Record excerpts>
# # #

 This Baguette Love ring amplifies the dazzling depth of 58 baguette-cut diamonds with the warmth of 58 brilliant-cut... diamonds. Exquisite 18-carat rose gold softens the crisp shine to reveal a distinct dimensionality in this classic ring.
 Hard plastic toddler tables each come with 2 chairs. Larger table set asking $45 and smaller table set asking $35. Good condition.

# # #

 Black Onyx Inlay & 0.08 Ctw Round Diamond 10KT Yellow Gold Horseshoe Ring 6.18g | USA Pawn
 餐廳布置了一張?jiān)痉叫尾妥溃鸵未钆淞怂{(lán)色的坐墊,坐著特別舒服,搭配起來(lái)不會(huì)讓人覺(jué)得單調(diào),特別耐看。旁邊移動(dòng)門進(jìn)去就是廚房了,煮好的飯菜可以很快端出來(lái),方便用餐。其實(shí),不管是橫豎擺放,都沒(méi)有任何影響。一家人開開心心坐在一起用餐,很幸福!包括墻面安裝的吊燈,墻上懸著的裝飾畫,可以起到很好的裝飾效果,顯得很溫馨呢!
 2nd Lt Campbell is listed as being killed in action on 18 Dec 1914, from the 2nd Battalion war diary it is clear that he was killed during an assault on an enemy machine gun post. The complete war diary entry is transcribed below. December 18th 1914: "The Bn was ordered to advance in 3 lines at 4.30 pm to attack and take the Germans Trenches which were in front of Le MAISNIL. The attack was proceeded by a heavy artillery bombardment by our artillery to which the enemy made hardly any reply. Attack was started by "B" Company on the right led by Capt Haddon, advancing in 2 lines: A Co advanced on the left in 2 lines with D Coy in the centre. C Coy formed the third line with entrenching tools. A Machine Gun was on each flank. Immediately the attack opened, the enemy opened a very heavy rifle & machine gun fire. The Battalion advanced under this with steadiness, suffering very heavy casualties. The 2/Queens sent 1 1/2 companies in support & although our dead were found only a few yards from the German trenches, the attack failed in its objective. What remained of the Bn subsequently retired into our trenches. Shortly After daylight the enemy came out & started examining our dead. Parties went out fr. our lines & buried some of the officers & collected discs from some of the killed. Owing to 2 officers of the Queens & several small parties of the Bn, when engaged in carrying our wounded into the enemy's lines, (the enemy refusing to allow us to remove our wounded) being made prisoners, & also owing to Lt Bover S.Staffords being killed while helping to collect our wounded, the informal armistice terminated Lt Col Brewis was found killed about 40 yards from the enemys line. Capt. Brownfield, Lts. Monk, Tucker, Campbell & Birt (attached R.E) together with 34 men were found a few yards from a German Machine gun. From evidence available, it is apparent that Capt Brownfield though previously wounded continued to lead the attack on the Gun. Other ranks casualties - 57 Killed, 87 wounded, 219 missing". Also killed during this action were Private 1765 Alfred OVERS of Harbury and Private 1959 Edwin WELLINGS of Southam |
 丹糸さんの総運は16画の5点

# # #

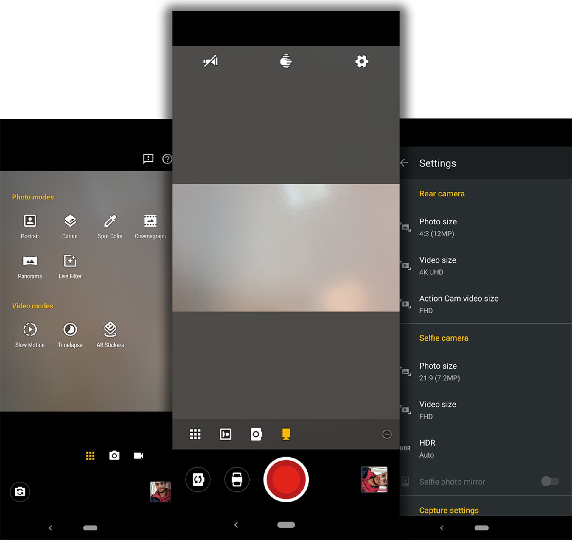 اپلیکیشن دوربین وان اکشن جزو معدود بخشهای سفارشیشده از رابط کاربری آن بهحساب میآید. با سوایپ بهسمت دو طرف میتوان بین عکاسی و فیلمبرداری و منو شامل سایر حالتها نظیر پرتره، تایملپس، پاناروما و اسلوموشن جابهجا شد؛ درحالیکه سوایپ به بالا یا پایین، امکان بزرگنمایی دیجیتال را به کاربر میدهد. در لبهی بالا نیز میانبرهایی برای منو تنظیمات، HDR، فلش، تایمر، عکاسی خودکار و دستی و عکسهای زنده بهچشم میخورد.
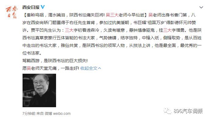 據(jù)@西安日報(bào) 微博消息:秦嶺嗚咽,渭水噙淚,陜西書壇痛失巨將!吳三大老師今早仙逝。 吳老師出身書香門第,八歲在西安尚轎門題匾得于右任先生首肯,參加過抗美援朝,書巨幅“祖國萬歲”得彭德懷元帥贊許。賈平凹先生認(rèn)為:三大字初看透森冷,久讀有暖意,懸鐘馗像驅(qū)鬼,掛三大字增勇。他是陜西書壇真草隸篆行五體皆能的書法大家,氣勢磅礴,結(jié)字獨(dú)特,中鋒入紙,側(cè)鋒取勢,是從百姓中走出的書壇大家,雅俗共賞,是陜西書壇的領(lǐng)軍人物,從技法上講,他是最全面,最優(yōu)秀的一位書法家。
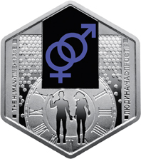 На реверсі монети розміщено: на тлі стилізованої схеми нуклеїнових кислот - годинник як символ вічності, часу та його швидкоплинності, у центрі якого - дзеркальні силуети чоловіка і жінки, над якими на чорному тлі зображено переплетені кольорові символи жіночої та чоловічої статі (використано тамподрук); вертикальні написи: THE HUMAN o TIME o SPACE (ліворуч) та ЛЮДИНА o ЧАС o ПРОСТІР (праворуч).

# # #

Task to carry out> A word-for-word copy of the lines above from the one with "This Baguette Love" through the one with "Hard plastic toddler", inclusive, is the only output wanted.

Exercise solution>
 This Baguette Love ring amplifies the dazzling depth of 58 baguette-cut diamonds with the warmth of 58 brilliant-cut... diamonds. Exquisite 18-carat rose gold softens the crisp shine to reveal a distinct dimensionality in this classic ring.
 Hard plastic toddler tables each come with 2 chairs. Larger table set asking $45 and smaller table set asking $35. Good condition.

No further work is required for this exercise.